Growing up in San Diego, I had a next-door neighbor from Japan. Her daughter was older than me, so I didn't play over there as much as my big sister did, but when I occasionally got to enter their home, I found the smells of whatever was cooking to be intoxicating. The salty, rich scents permeated the whole house and always made me hungry, even though I was too young to even know what was being created in that kitchen.
In City Heights, 777 Noodle House serves dishes from Vietnam and Thailand, and though those countries are quite a ways south from Japan, following your nose through the front doors of the noodle house evokes many of the shared flavors of the region: fish sauce, garlic, onions and the starchy glue of noodles and rice.
It doesn't jump out at you from its place on University Avenue, but 777's immaculate interior (I think I smelled bleach on my water glass) is spacious enough to feed an entire community.
Call me a Philistine, but what's wrong with a menu with pictures? This noodle house's expansive menu handily includes poorly lit photos of its delicious dishes. There are plenty of tasty appetizers to choose from, though don't expect your food to come in any sort of traditional restaurant sequence. Every time I've eaten there, my main course arrived long before my appetizers. No worries; the final destination of all that food is the same.

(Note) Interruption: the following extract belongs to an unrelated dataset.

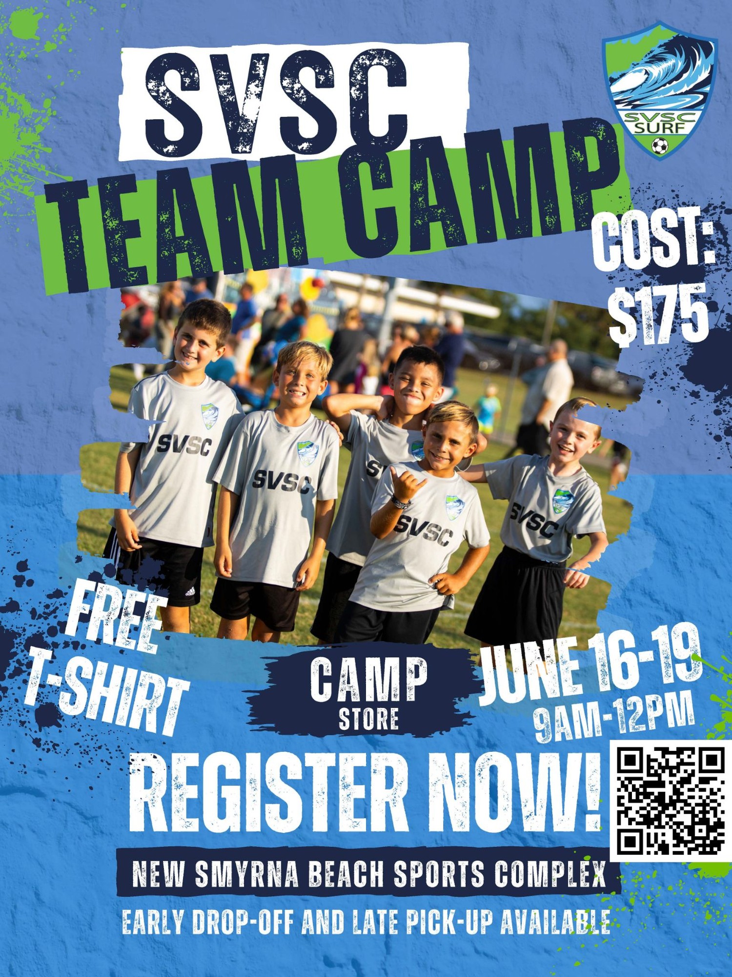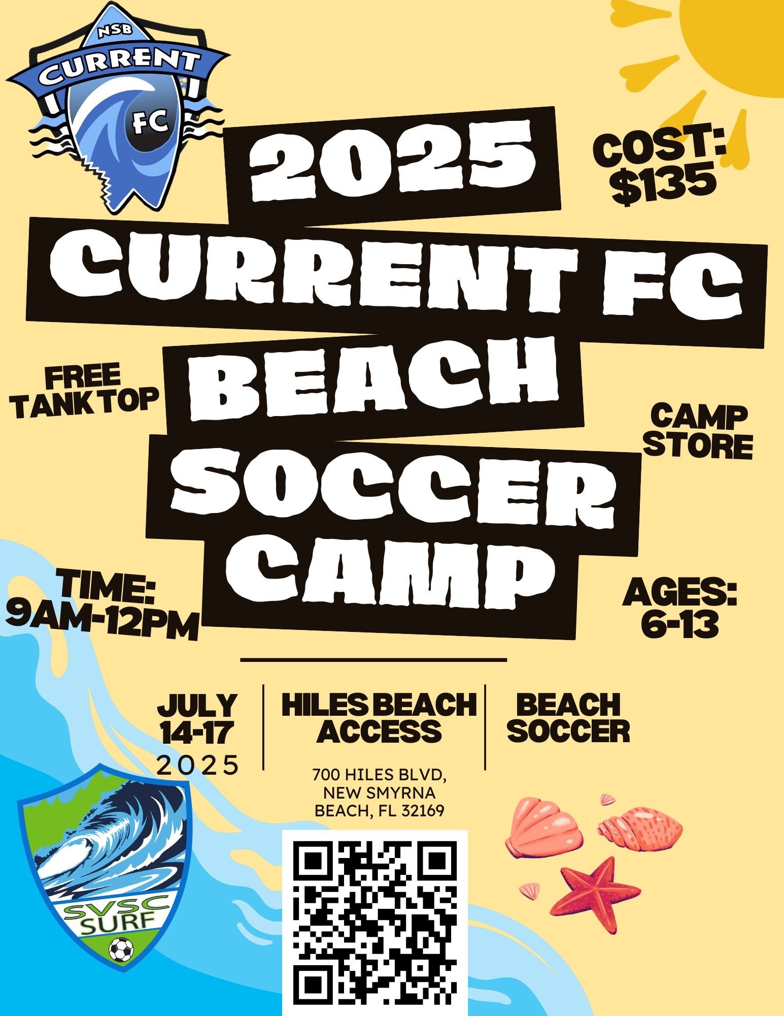 SVSC Team & Beach Camp runs from 9:00 am to 12:00 pm. We offer Early Drop-Off starting at 8:00 am and Late Pick-Up until 1:00 pm for an additional $50 each. Staff will supervise players during these times.

You could easily make a light lunch out of the Leek Cakes—three oniony disks, battered and lightly fried until hot-as-the-sun, with a doughy filling bursting with leeks and tons of green scallions. The oily, garlicky dipping sauce gently soaks into the fried meal, permeating the steaming patty with another layer of flavor.
The fried shrimp rolls are simple, modest and addictive. Ten soldier-straight pink shrimp are swaddled in a wonton skin, fried to a scalding crisp and served with a side of vibrant, spicy chili sauce that's perfect for cooling off your shrimp pops.
Though it's now officially summer, May and June were gloomy enough for a warm bowl of soup filled with noodles, meat and veggies. The Wonton Egg Noodles at 777 hit the spot. The salty, slightly fishy broth comes laden with ground pork balls wrapped in soft wonton skins; long, tender noodles perfect for slurping (and dripping down the front of your shirt); and thin slices of pork that come in that odd shade of red that doesn't look quite natural but usually means they're going to taste excellent. This is a bowl of medicine—a tonic for a stuffy nose, or even just a gloomy outlook.
For a more rib-sticking option, I enjoyed the French Beef. Eat this dish while it's still very hot—that way, you can ignore the fact that you're not getting the highest quality cut of meat. The beef is quite chewy, but it's coated in a rich sauce hinting of tomato and beef stock that reminds me of the au jus of a French Dip sandwich. But thicker. And all over your plate. Soaking into your rice. Awesome.
I asked about the origin of the restaurant's name, and from what I could glean, the owner had a good run in Vegas and liked the lucky connotation of triple 7s. With that kind of history, you might want to hit up the lottery-ticket vending machine near the entrance.
The toughest portion of any lunchtime outing at 777 might just be Fox News blaring from the wall-mounted flat screen. Normally I can tune out a little background asshattery, including the random elderly focused ads about investing in gold, but once Glenn Beck came on, I almost lost my appetite.